◆ THE TASK ◆
No pictures go into the copy. Write out every line below exactly.

◆ DATA UNDER STUDY ◆
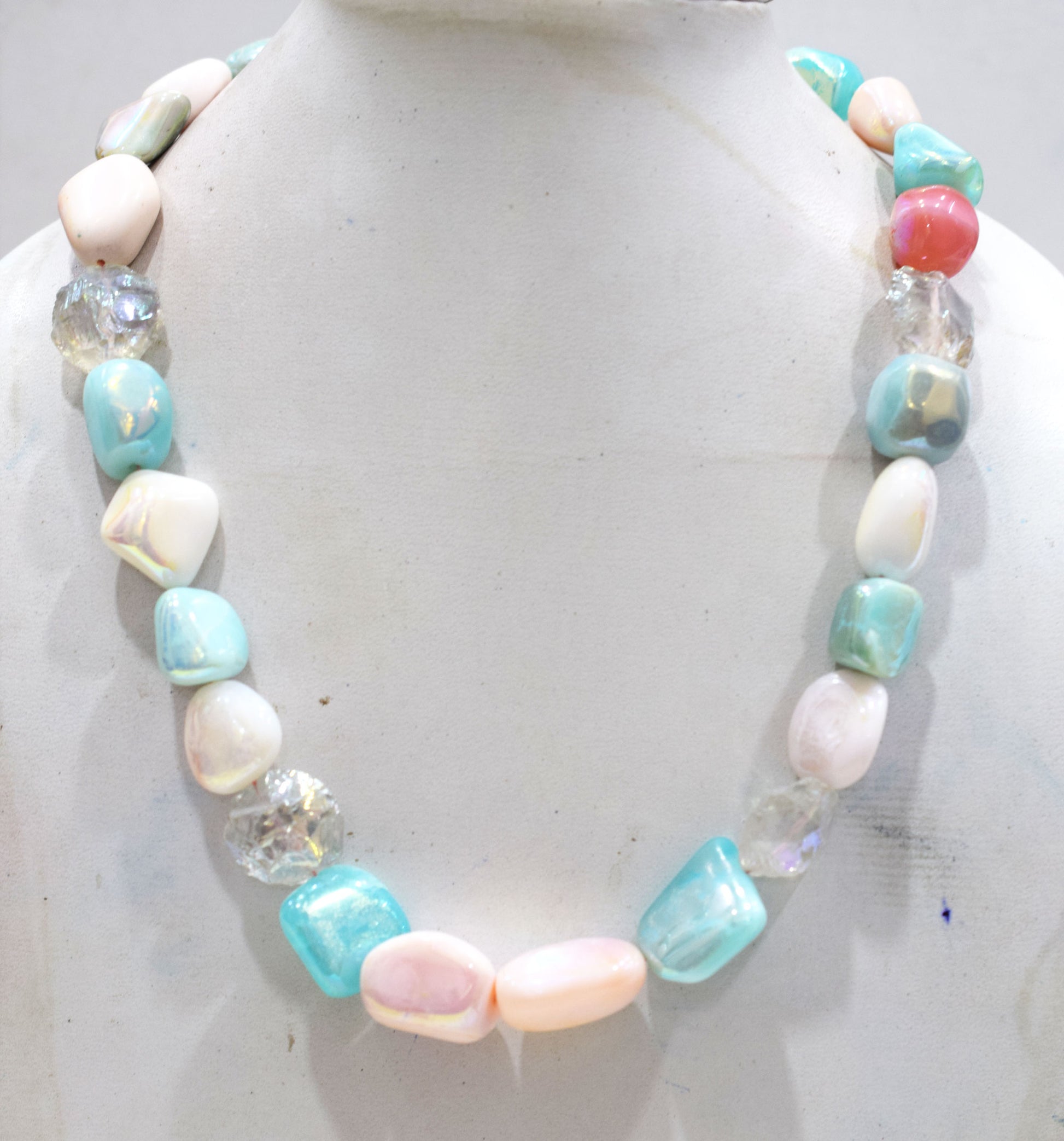 Rustic Metallic Coated Pink Opal With Blue Opal And Herkimer Diamond Necklace , 13x16 - 22x24 mm , 18" , 20506
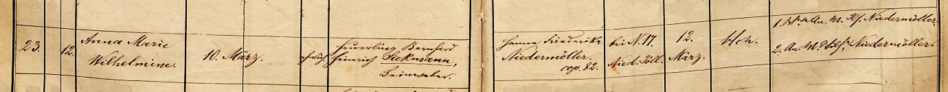 Anna Marie Wilhelmine | 10. März | ehelich | Heuerling Bernhard Heinrich Siekmann, Leineweber
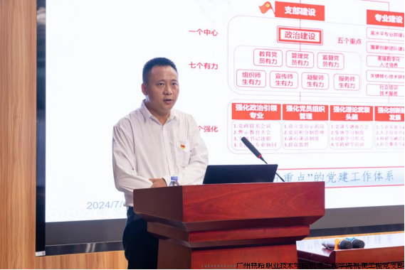 机电工程学院院长李助军、机电工程学院工会主席苏丹、教研室主任吴斌等党员同志做表态发言。李助军表示,要从二级学院行政管理和做好普通党员二个方面,全力支持全国样板支部建设。
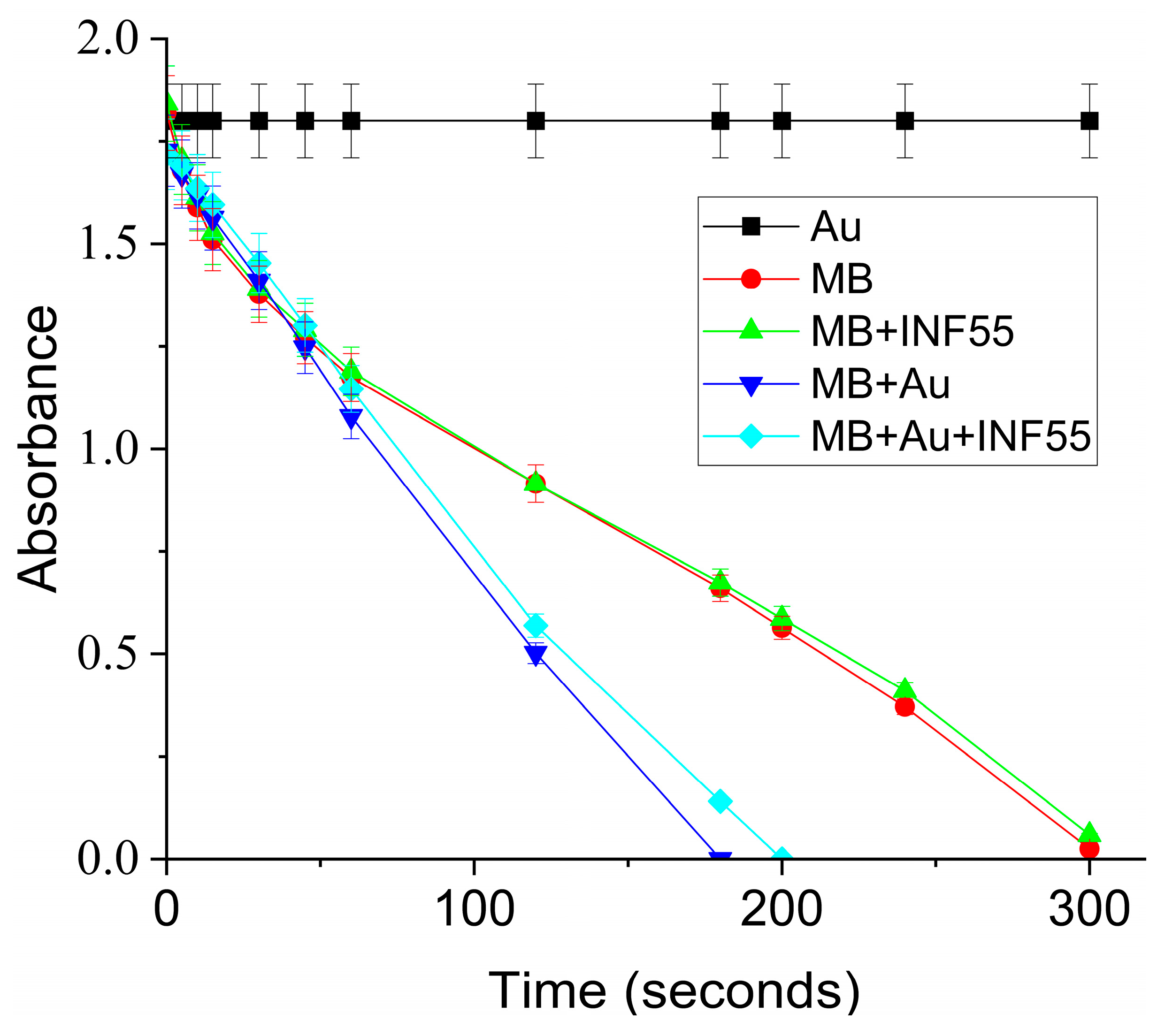 Figure 7 illustrates the optical density decay at 400 nm as an indicator of singlet oxygen generation in different conditions. For MB alone, the decay profile remains essentially unchanged with the addition of INF, demonstrating that INF does not directly alter the intrinsic photophysical properties of MB. In contrast, MB combined with AuNPs exhibits a markedly steeper decline, consistent with enhanced singlet oxygen production due to plasmonic interactions between AuNPs and MB. Specifically, the MB + Au sample shows a complete reduction in optical density to nearly zero after approximately 175 s of irradiation, while the MB + Au + INF condition reaches baseline slightly later, at around 200 s. The MB + INF curve overlaps closely with MB alone, confirming the lack of direct singlet oxygen generation from INF. Both curves decrease to zero around 300 s. The AuNP-only sample maintains a constant OD throughout, indicating negligible photobleaching or ROS generation in the absence of MB. These results collectively highlight the synergistic enhancement of photodynamic activity through AuNP-mediated plasmonic coupling and INF-assisted efflux inhibition.
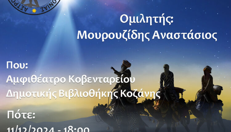 Ο Αναστάσιος Μουρουζίδης, Φυσικός, Μέλος του Δ.Σ. του Αστρονομικού Συλλόγου Δυτικής Μακεδονίας και του οργανισμού “American Association of Variable Star Observers (AAVSO)”, μας προσκαλεί να ανακαλύψουμε τα μυστικά πίσω από το θρυλικό Άστρο της Βηθλεέμ.
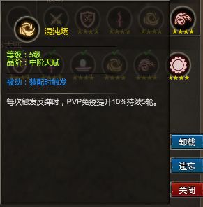 混沌场:每次触发反弹时,PVP免疫提升10%,持续5轮
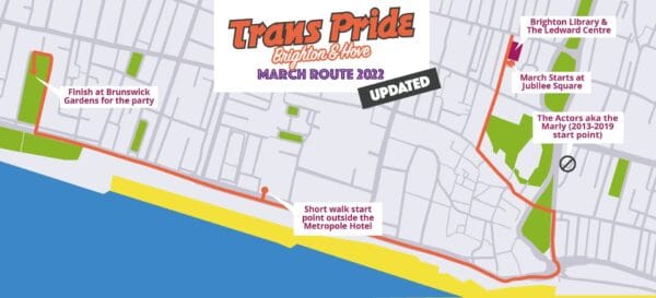 Pride EventsSaturday, July 16 from 11.30am: Trans Pride Brighton Protest March – start at Jubilee Square (sets off at 12pm sharp)
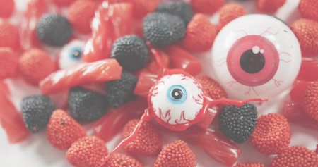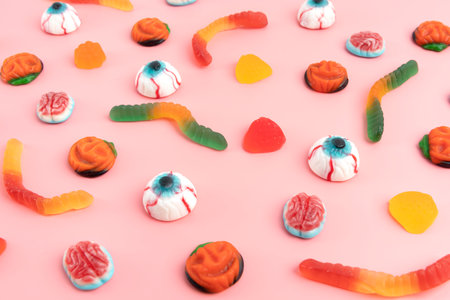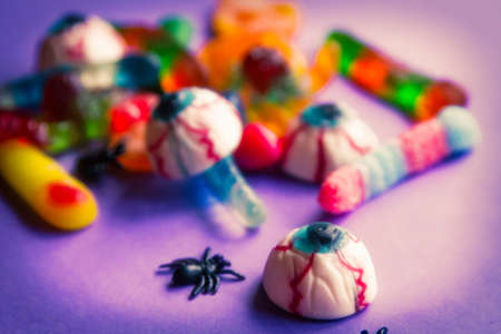 Displaying Halloween candies on white surface, pink and blue eyeballs, red licorice, beaded gummies. Orb, sweets, display, tabletop, macro, confectionery, spooky
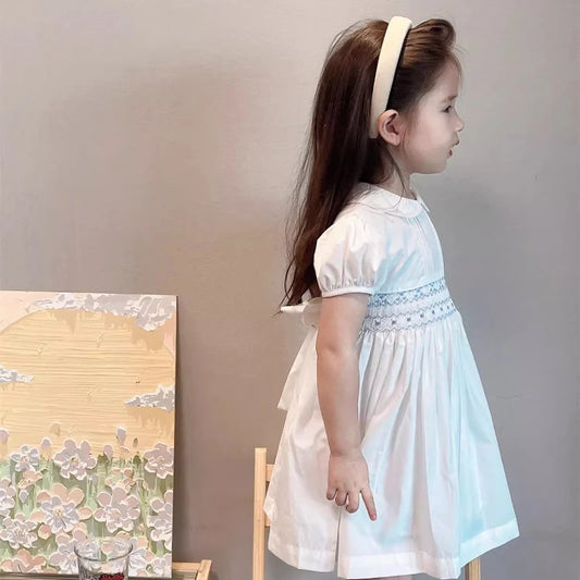 Vestido blanco de verano para niñas estilo español bordado punto smock hecho a mano, con bombacho a juego, para cumpleaños, fiesta y bautizo

◆ ANSWER FOR THIS EXERCISE ◆
 Rustic Metallic Coated Pink Opal With Blue Opal And Herkimer Diamond Necklace , 13x16 - 22x24 mm , 18" , 20506
 Anna Marie Wilhelmine | 10. März | ehelich | Heuerling Bernhard Heinrich Siekmann, Leineweber
 机电工程学院院长李助军、机电工程学院工会主席苏丹、教研室主任吴斌等党员同志做表态发言。李助军表示,要从二级学院行政管理和做好普通党员二个方面,全力支持全国样板支部建设。
 Figure 7 illustrates the optical density decay at 400 nm as an indicator of singlet oxygen generation in different conditions. For MB alone, the decay profile remains essentially unchanged with the addition of INF, demonstrating that INF does not directly alter the intrinsic photophysical properties of MB. In contrast, MB combined with AuNPs exhibits a markedly steeper decline, consistent with enhanced singlet oxygen production due to plasmonic interactions between AuNPs and MB. Specifically, the MB + Au sample shows a complete reduction in optical density to nearly zero after approximately 175 s of irradiation, while the MB + Au + INF condition reaches baseline slightly later, at around 200 s. The MB + INF curve overlaps closely with MB alone, confirming the lack of direct singlet oxygen generation from INF. Both curves decrease to zero around 300 s. The AuNP-only sample maintains a constant OD throughout, indicating negligible photobleaching or ROS generation in the absence of MB. These results collectively highlight the synergistic enhancement of photodynamic activity through AuNP-mediated plasmonic coupling and INF-assisted efflux inhibition.
 Ο Αναστάσιος Μουρουζίδης, Φυσικός, Μέλος του Δ.Σ. του Αστρονομικού Συλλόγου Δυτικής Μακεδονίας και του οργανισμού “American Association of Variable Star Observers (AAVSO)”, μας προσκαλεί να ανακαλύψουμε τα μυστικά πίσω από το θρυλικό Άστρο της Βηθλεέμ.
 混沌场:每次触发反弹时,PVP免疫提升10%,持续5轮
 Pride EventsSaturday, July 16 from 11.30am: Trans Pride Brighton Protest March – start at Jubilee Square (sets off at 12pm sharp)
 Displaying Halloween candies on white surface, pink and blue eyeballs, red licorice, beaded gummies. Orb, sweets, display, tabletop, macro, confectionery, spooky
 Vestido blanco de verano para niñas estilo español bordado punto smock hecho a mano, con bombacho a juego, para cumpleaños, fiesta y bautizo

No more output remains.